Soccer’s goddesses finally blessed the Philippines Women’s National Football Team with its incredible first-ever World Cup win Tuesday by defeating New Zealand.

Astonishingly, too, the Filipinas were the first debutants to win at the World Cup. In this expanded 2023 World Cup games, eight countries made their maiden appearance: the Philippines, Ireland, Zambia, Haiti, Vietnam, Portugal, Panama, and Morocco.

But then “soccer continues to be the art of the unforeseeable.”

When you least expect it, the impossible occurs. It was when the Filipinas, minnows in a field of 32 teams ruled by European and North American sharks, unexpectedly pulled off an amazing win under a winter-jacket New Zealand night and before a scornful hometown crowd deriding them as “usurpers of prohibited glory.”

But as the Filipinas held off challenge after challenge, enlightening us during the match that they’d discovered the silence beyond the din of catcalls and jeers, finally claiming victory for the one real desire they had for being on the World Cup stage.

And so it has come to pass. The women’s national football team convincingly inspired a nation in a sport where “Lilliputians can change speed and accelerate brusquely without falling because they aren’t built like skyscrapers.”

The Filipinas will undoubtedly leave a legacy that should propel forward women’s soccer in this basketball-crazed country.

“I think it’s really just gonna help with the growth of football in the Philippines, and not just in the Philippines but globally, too, because Filipinos are everywhere,” Bolden said, days before her celebrated goal.

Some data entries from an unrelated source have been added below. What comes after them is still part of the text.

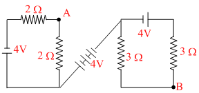 In the following circuit, the potential difference between the points A and B will be (VA - VB) :
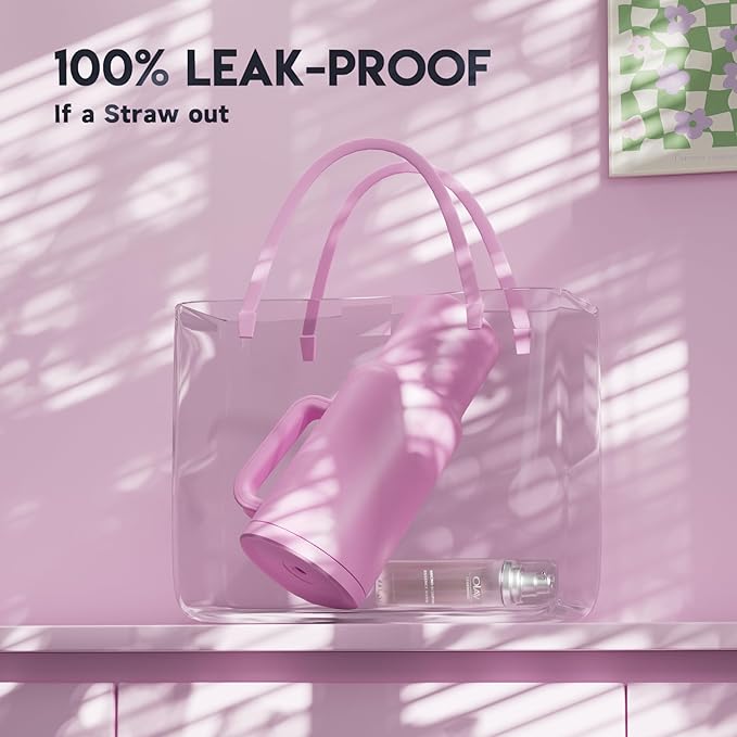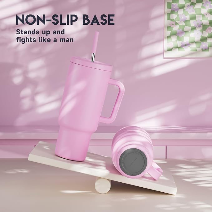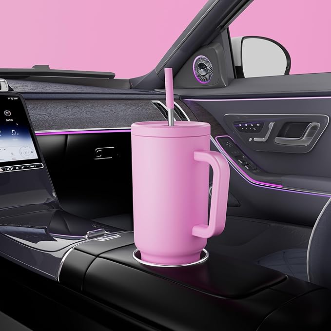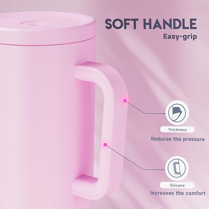 Meoky 40 oz Tumbler with Handle and Straw: Stainless Steel Insulated Tumbler with Lid and Straw - 100% Leak Proof Tumbler for Car Cup Holders - Travelers Commuters Workers, Pink
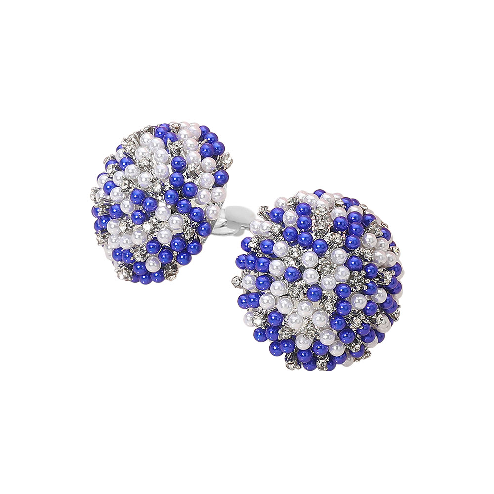 • Elegant clip-on earrings featuring a cluster of round beads accented with sparkling rhinestones for a touch of glamour. Perfect for both casual and formal occasions, these statement earrings add timeless sophistication and refined sparkle to any ensemble.

The Filipinas face off with world No. 12 Norway this afternoon where anything is possible. But whatever today’s result, Australian coach Alen Stajcic’s charges have won the difficult battle to boost Filipino soccer.

Admittedly, skeptics of the racialist type have difficulty with noted historian Eric Hobsbawn’s soccer insight of “the imagined community of millions seems more real as a team of eleven named people.”

Particularly so since most of the 23 players of the Filipinas squad sport names culled from the vast Filipino diaspora of recent decades.

There is no denying the consequential Filipino diaspora. The Filipinas team is the explicit image of millions of Filipinos out there, found just about anywhere in the world.

Nonetheless, Filipino cosmopolitanism doesn’t much bother the team members.

“When we’re together, it’s not about where we grew up or where we live. Everyone knows that we share the same blood and we’re family,” says team captain Tahnai Annis, a Filipino-American.

She adds: “It doesn’t matter if you grew up in Manila or your family is in the States …  (the) common goal is that we are playing for the country and for all the football players in the Philippines.”

Such a pronounced diversity of origins didn’t hinder the team from congealing into a formidable organic unity. In the last 20 months, the team played a whopping 39 games, bettering their Federation Internationale de Football Association world ranking, from 68th to 46th.

And now, in the echoes of Tuesday night’s euphoric herstory arc, the Filipinas team, as well as all of us Filipinos, can now dare dream of “crashing the party” in the forthcoming tougher Round of 16. That calls for hearty cheers. Brava! Brava!